The above visualization compares forecasts and actual results for influenza hospitalizations, broken down by specific forecasting methodologies. In EpiLake Flu we store these predictions for each state, as well as predictions for the entire United States.

We also provide forecasts for influenza hospitalizations, by state, for up to four weeks into the future, along with confidence intervals and uncertainty estimates.

This can be especially valuable for those who are responsible for managing the demand for influenza medications and other related products and services. By anticipating influenza prevalence, you can get a better sense of the likely demand for your products and plan your inventory accordingly.
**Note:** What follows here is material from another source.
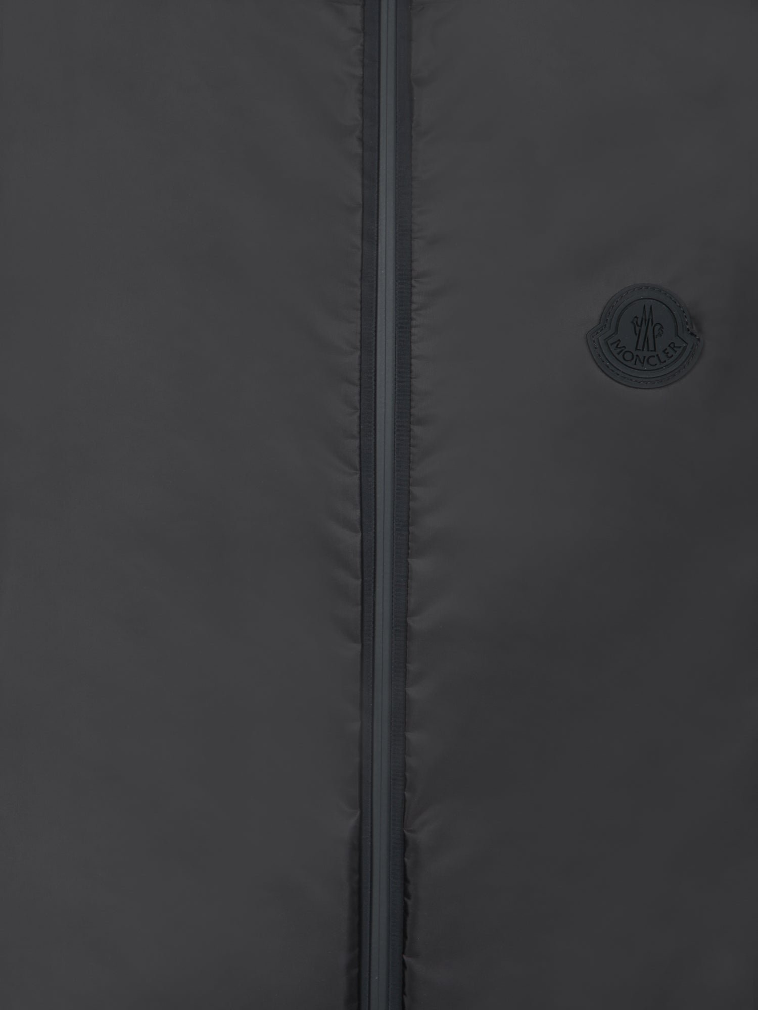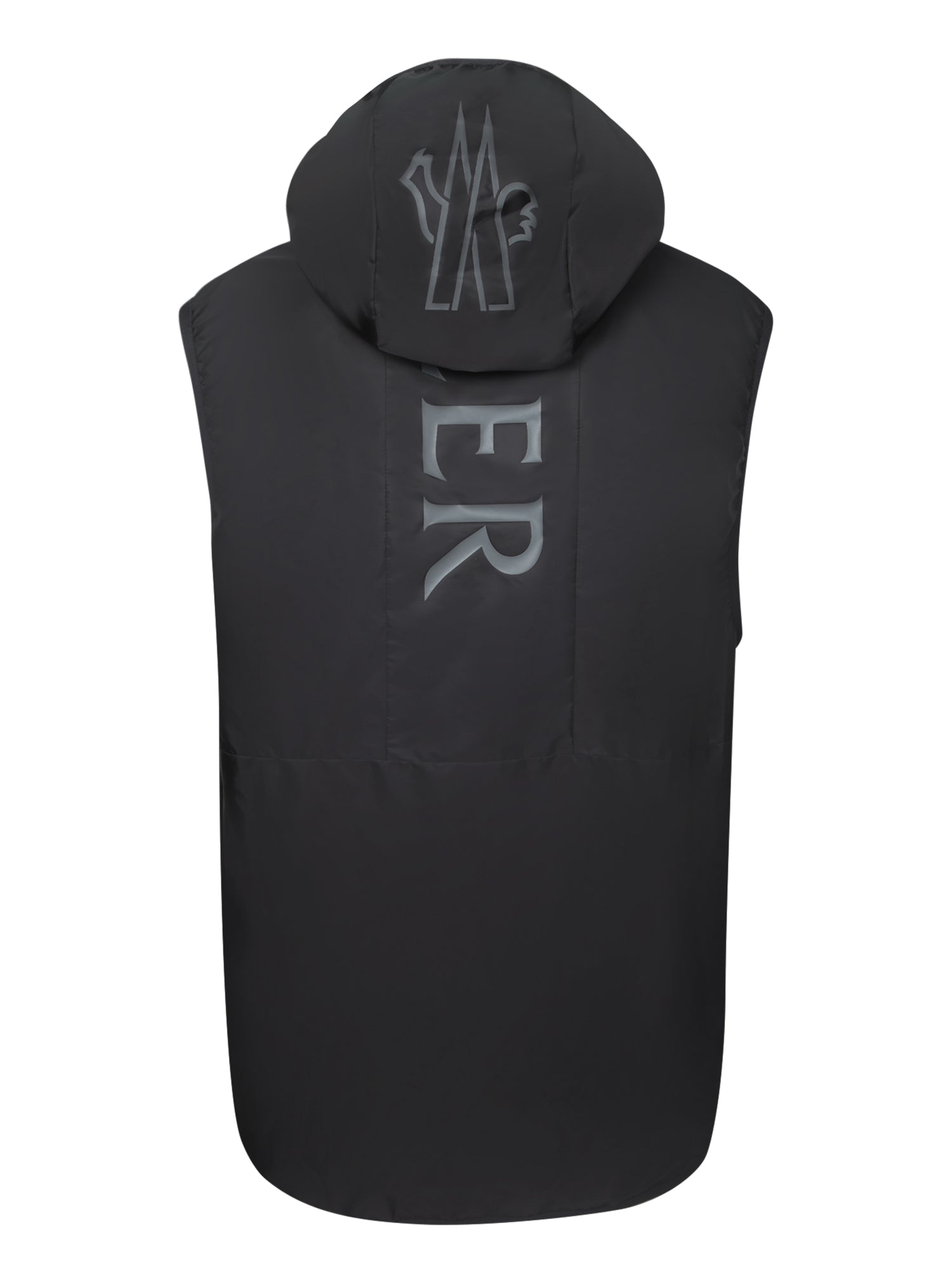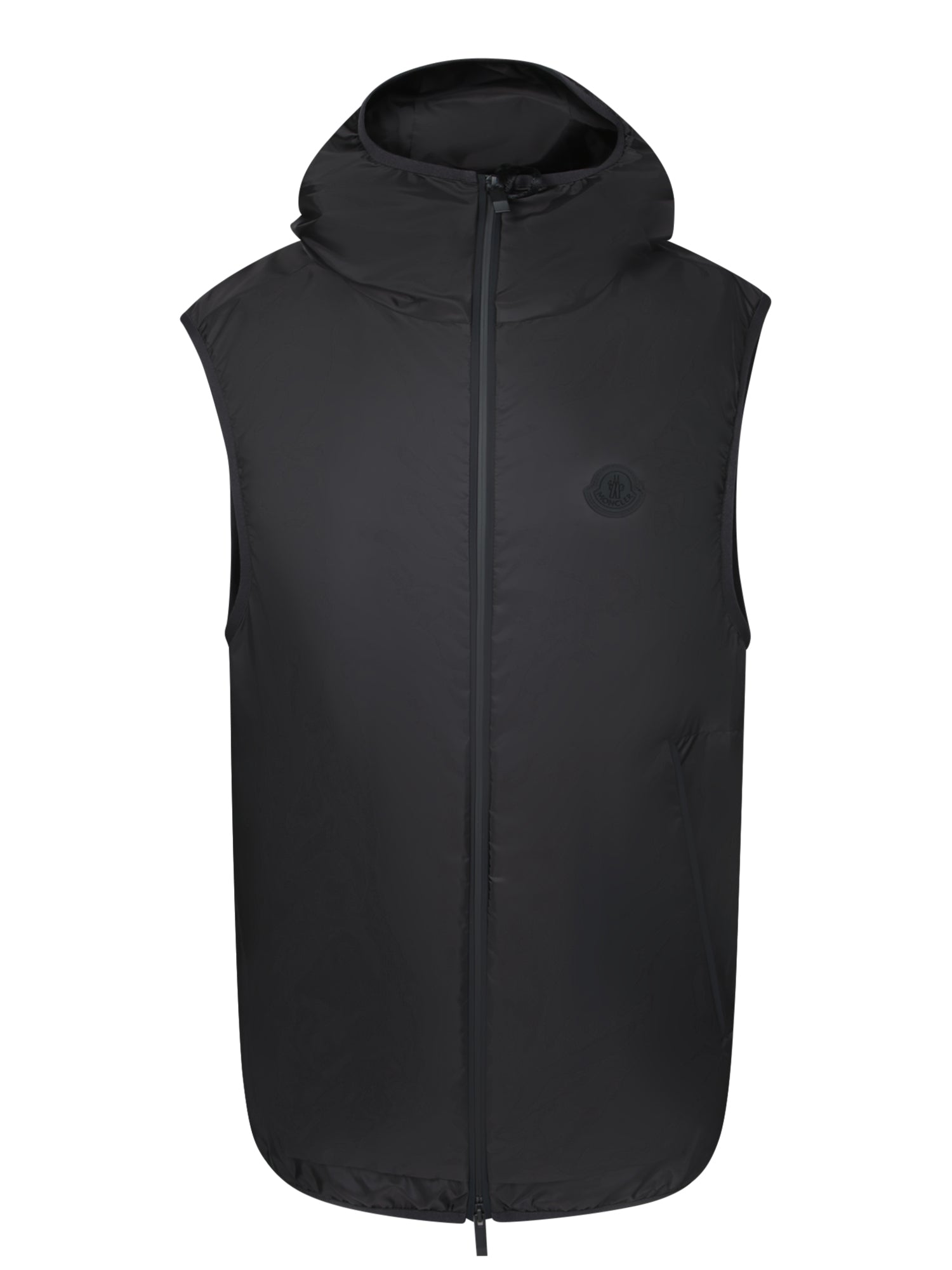 Crafted from durable technical fabric, this black Moncler gilet blends functionality with urban style. Featuring a spacious hood and practical zip closure, it's perfect for delivering a casual yet sophisticated look in any season.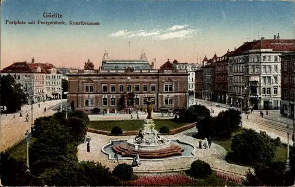 Ak Görlitz in der Lausitz, Postplatz, Postgebäude, Kunstbrunnen

Global Insights: Understanding Foreign Flu Seasons

EpiLake Flu not only provides data on influenza transmission in the United States, but also includes global data that can be used to better understand the global landscape of influenza transmission. By analyzing foreign flu seasons, you can gain a deeper understanding of the various factors that impact influenza transmission and identify trends and patterns that may be relevant to your own country or region.

This visualization shows the influenza cases in Australia superimposed on the cases in the United States. You can use this visualization to compare the two flu seasons and identify any correlations or trends that may be relevant for understanding the global landscape of influenza transmission. Notice the following:

  • The near disappearance of the 2021 flu season occurring in Australia before the U.S.
  • The 2022 spike in Australian cases preempting a similar U.S. rise the following winter


Influenza can have significant impacts on individuals, communities, and businesses across the world. EpiLake Flu is a comprehensive collection of influenza surveillance data from Rearc that provides valuable insights into the current state and trends of influenza transmission. With this data, you can better understand the scope and severity of influenza in the United States, dig deep into potential indicators and correlations, and anticipate demand for flu-related products and services.

In addition to the data included in EpiLake Flu, Rearc also offers additional data sources that can be used to enrich the data and provide even more insights.

Thank you for joining us in this exploration of EpiLake Flu’s capabilities! Influenza surveillance data is a critical tool for mitigating and understanding the impacts of flu, and EpiLake Flu is here to help you access the data you need.